── DATA BELOW ──

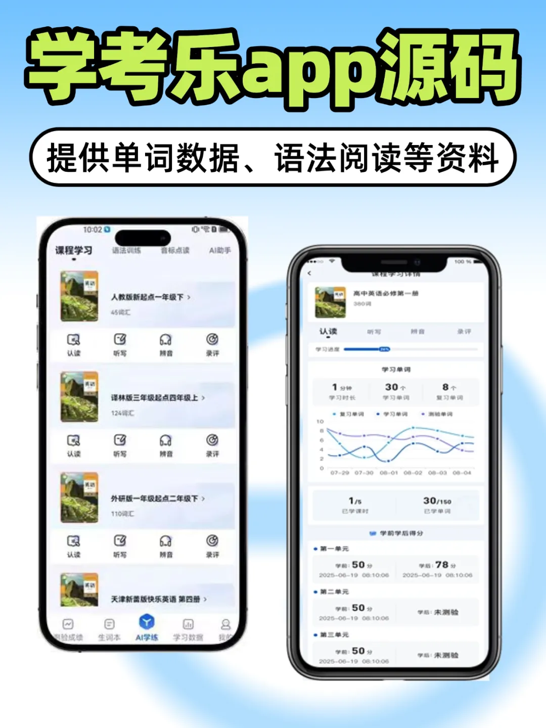 源码内置人教版、译林版等多版本教材词库,每个课程都配套认读、听写、测评、音标点读等功能,学员能直接跟着教材同步练,不用机构额外整理资源。
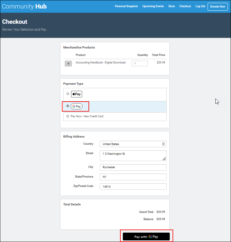 Purchase Products through Member Portal Checkout with Google Pay:
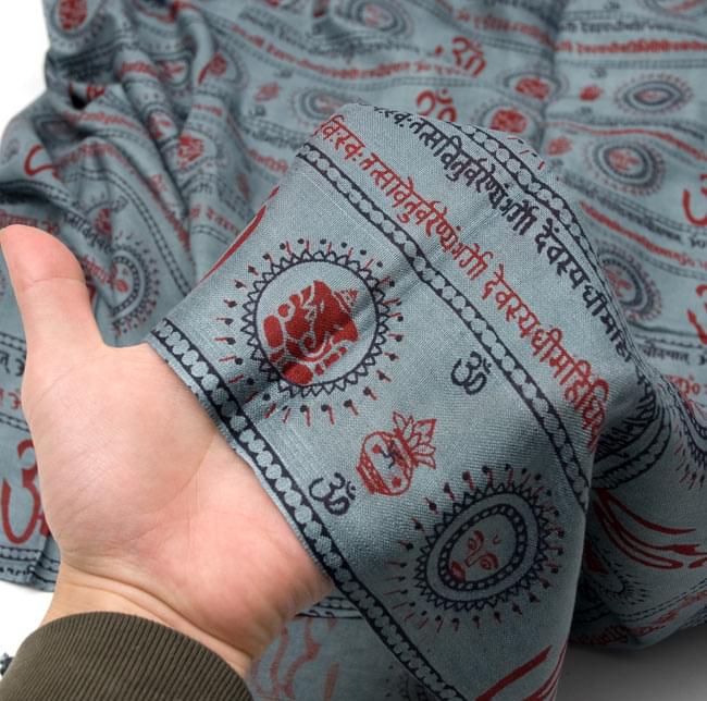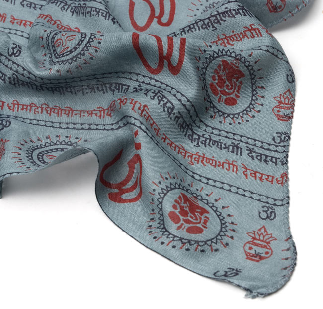 ヒンドゥー教の大聖地、バラナシ特産のラムナミ(神様布)。インド古来の文字「オーン」と太陽神「スーリア」、幸運と金運の神「ガネーシャ」などがプリントされた可愛い布地。肌触りの良い薄手の生地で、冬にはストールやマフラーとして、夏には日よけのショールなどとしてお使い頂けます。
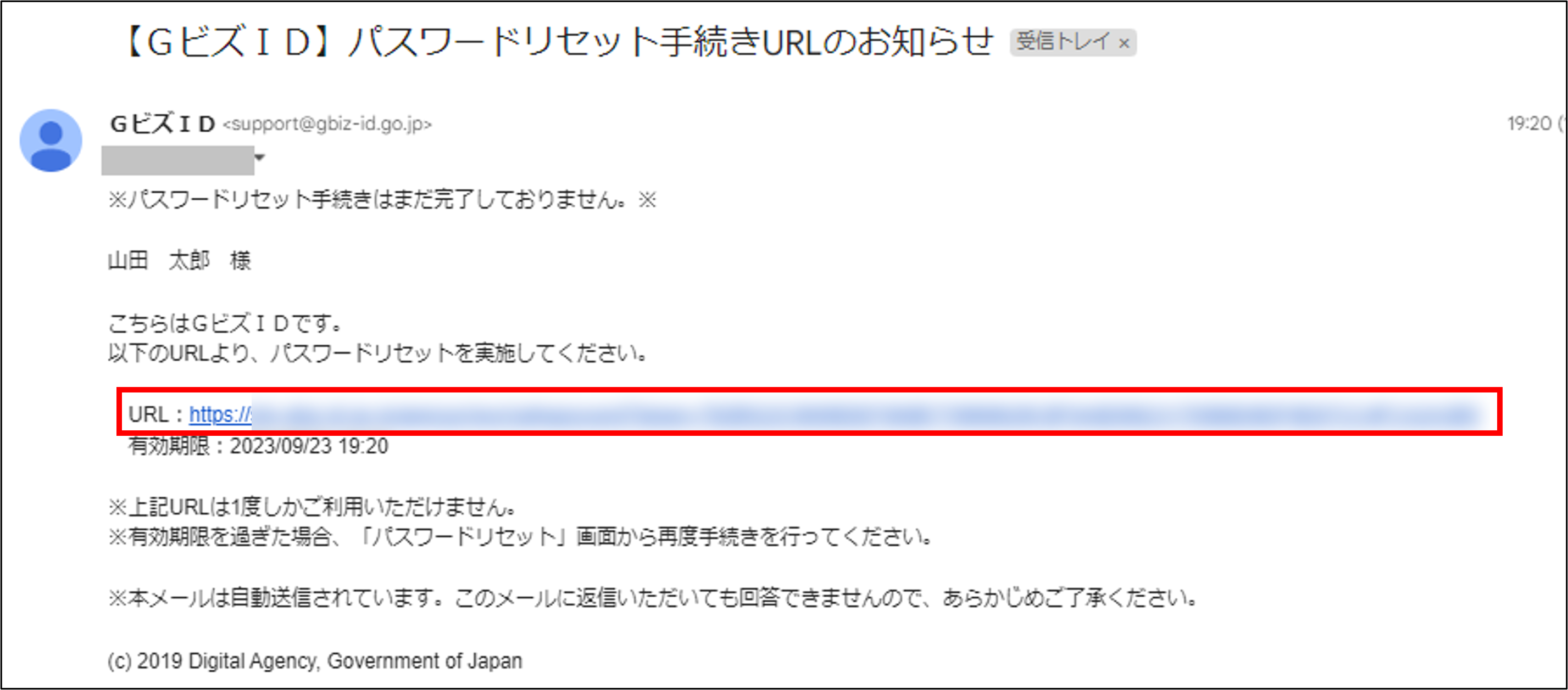 4.業務用メールアドレス宛に、パスワードをリセットするためのメールが届きます。

───

_PROBLEM REQUIREMENTS:_
Leave the pictures out and copy exactly the lines from the one that holds "Purchase Products through" through the last line of the material.

_ANSWER SECTION:_
 Purchase Products through Member Portal Checkout with Google Pay:
 ヒンドゥー教の大聖地、バラナシ特産のラムナミ(神様布)。インド古来の文字「オーン」と太陽神「スーリア」、幸運と金運の神「ガネーシャ」などがプリントされた可愛い布地。肌触りの良い薄手の生地で、冬にはストールやマフラーとして、夏には日よけのショールなどとしてお使い頂けます。
 4.業務用メールアドレス宛に、パスワードをリセットするためのメールが届きます。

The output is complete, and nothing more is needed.